What is expected: Only one stretch of the data should be retyped: the lines from the line containing "Stadyumu dolduran binlerce" through the line containing "A ruffled hem". Keep pictures out of it.

Exercise material:
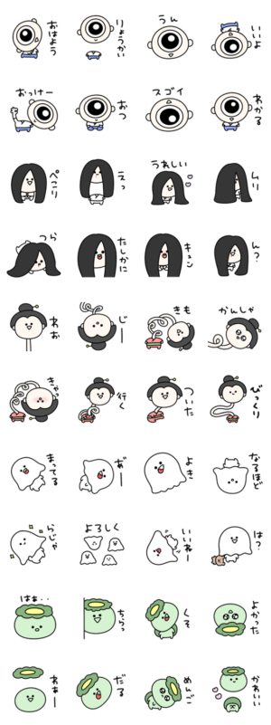 めんどくさそうでシュールなミニおばけのスタンプです。eribo より発売
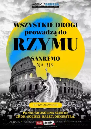 Wiadomo, że najpiękniejsza jest muzyka włoska - nie tylko opery Gioacchina Rossiniego, Giuseppe Verdiego czy Giacoma Pucciniego, ale też utwory z repertuaru Adriana Celentano, Al Bano, Andrei Bocellego, Drupiego (a to zaledwie początek alfabetu!). Muzyka włoska to także Festiwal w San Remo, którego złoty okres przypadł na lata 60. i 70., zaś niejedna gwiazda rozbłysła na tamtejszym niebie, rozpoczynając swoją karierę na brzegu Morza Śródziemnego: Toto Cutugno, zespół Il Volo... No ale czyż można się dziwić, że takie melodie powstają pod słońcem Toskanii, na falach laguny weneckiej, w cieniu Colosseum, pośród zaułków Neapolu? I my też chcemy zaprosić Państwa na ten magiczny wieczór z muzyką powstającą od Turynu do Sycylii, skąpany w śpiewności języka włoskiego, z udziałem zagranicznych wokalistów - odtworzymy tam razem atmosferę najsłynniejszych koncertów w San Remo. Pomogą w tym przeboje takie jak "Quando, quando", "Felicità", "Miserere", "Parole, parole", z których większość opowiada o miłości, bo wiadomo - jak piosenka włoska, to "Grande amore" (ten utwór też zabrzmi podczas naszego koncertu). A zatem - startujemy do Italii!
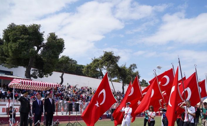 Stadyumu dolduran binlerce Ayvalıklının katılımıyla gerçekleşen tören; resmi geçit ile sona erdi.
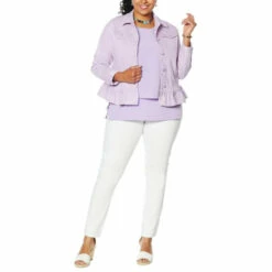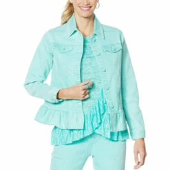 A ruffled hem and unique sorbet wash add a feminine finish to this classic jean jacket. Layer it over a sundress or shorts-and-tee for a new take on the season’s go-to favorites.
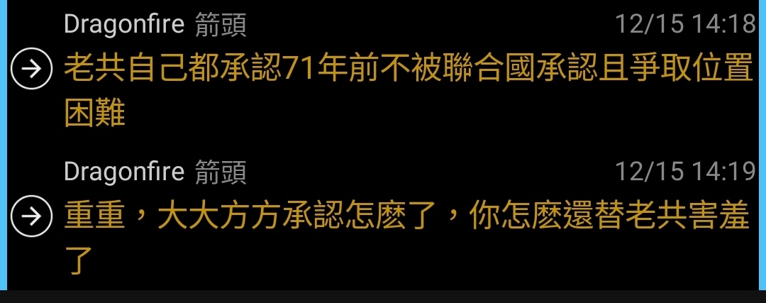 → Dragonfire : 老共自己都承認71年前不被聯合國承認且爭取位置困難 12/15 14:18
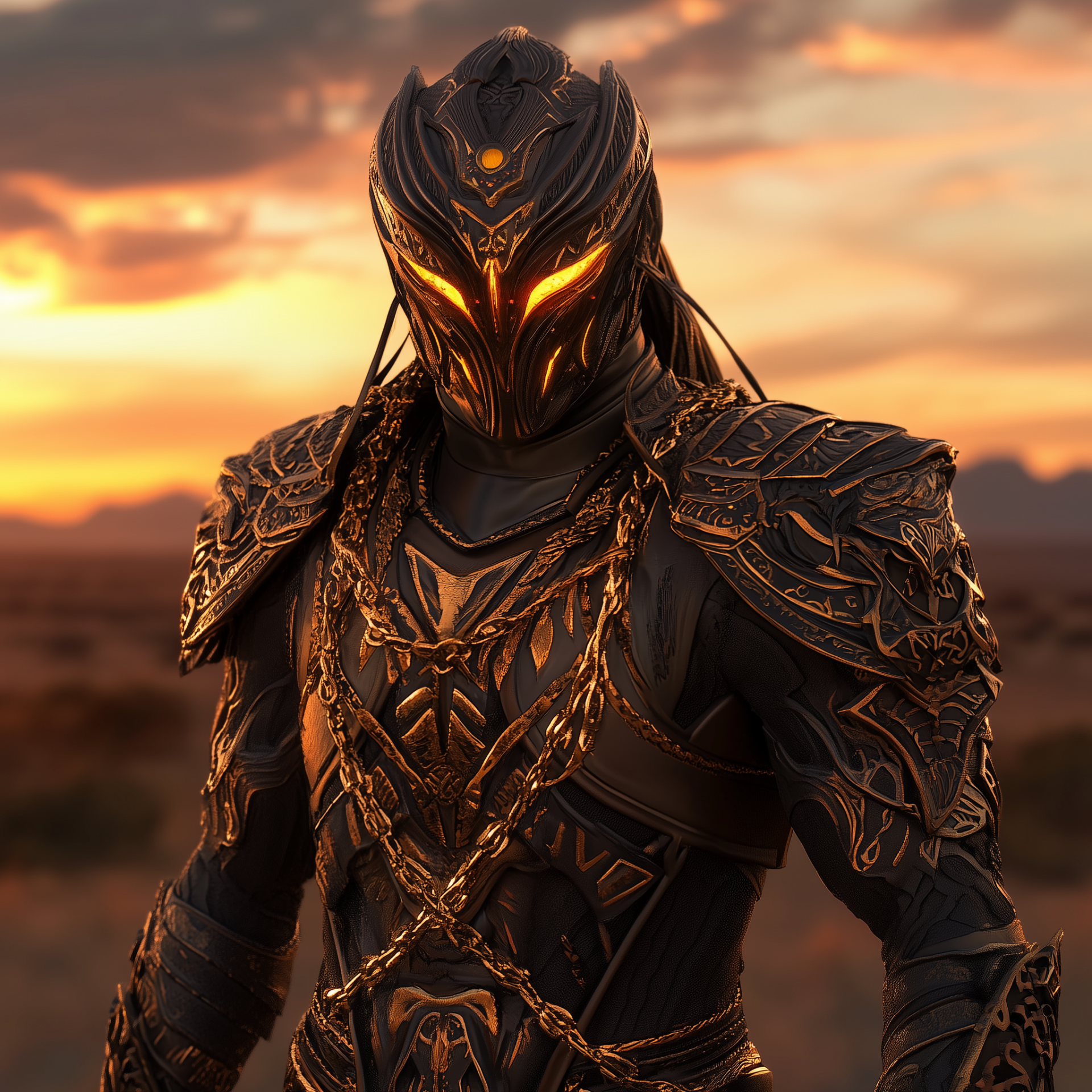 This image features a hyperrealistic scorpion, adorned in dark brown and golden armor, intricately detailed with tribal engravings. The design includes patterns that resemble the acacia tree, and the scorpion's mask features sharp angles and a lion motif.
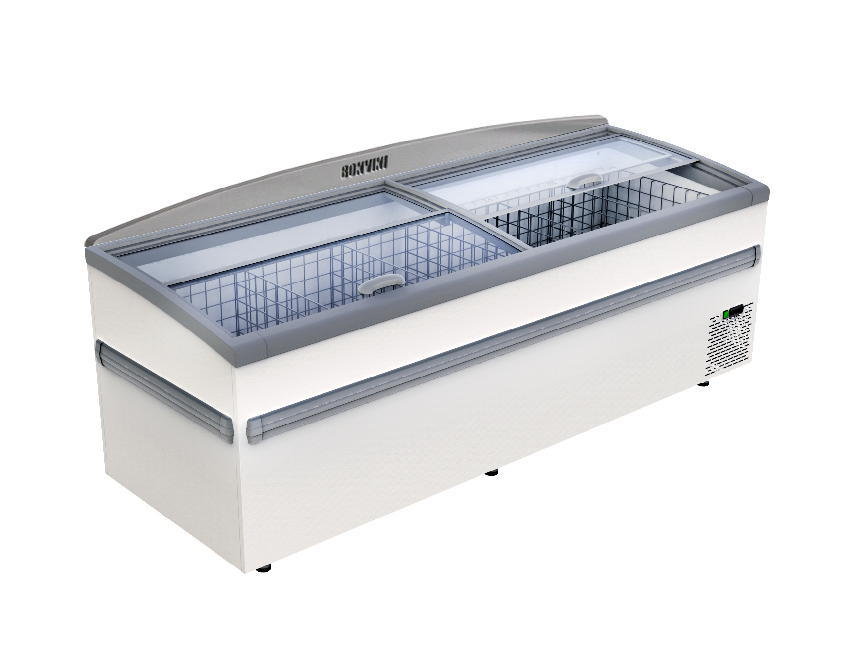 Морозильный ларь-бонета BONVINI BFG 1850Т РН с гнутыми стеклами Push UP, предназначен для хранения и демонстрации ранее замороженных продуктов. Специальное гнутое стекло обеспечивает хороший обзор хранимых внутри камеры товаров. Особенности открывания дверей поперечные, а не продольные, в отличие от типовых моделей имеющихся на рынке. Пластиковый декоративный элемент с логотипом, позволяет зонировать торец от прямых бонет и эстетически определяет и поддерживает островную группу. Конструкция стекол Puch UP, обеспечивает, как удобство покупателям (одновременное открывание стекол), так и владельцам оборудования, обеспечивая поддержание нужного температурного режима за счет открывания стекол на половину размера бонеты. В бонете BONVINI BFG 1850Т РН установлена сбалансированная холодильная система. Бонеты BONVINI BFG 1850Т РН также могут работать, как в морозильном, так и в холодильном режиме.Оборудование комплектуется сетчатыми полками или корзинами, энергосберегающей светодиодной подсветкой, а также удобными врезными и эргономичными ручками, устойчивыми металлическими ножками, по желанию может комплектоваться колесами.

Response box:
 Stadyumu dolduran binlerce Ayvalıklının katılımıyla gerçekleşen tören; resmi geçit ile sona erdi.
 A ruffled hem and unique sorbet wash add a feminine finish to this classic jean jacket. Layer it over a sundress or shorts-and-tee for a new take on the season’s go-to favorites.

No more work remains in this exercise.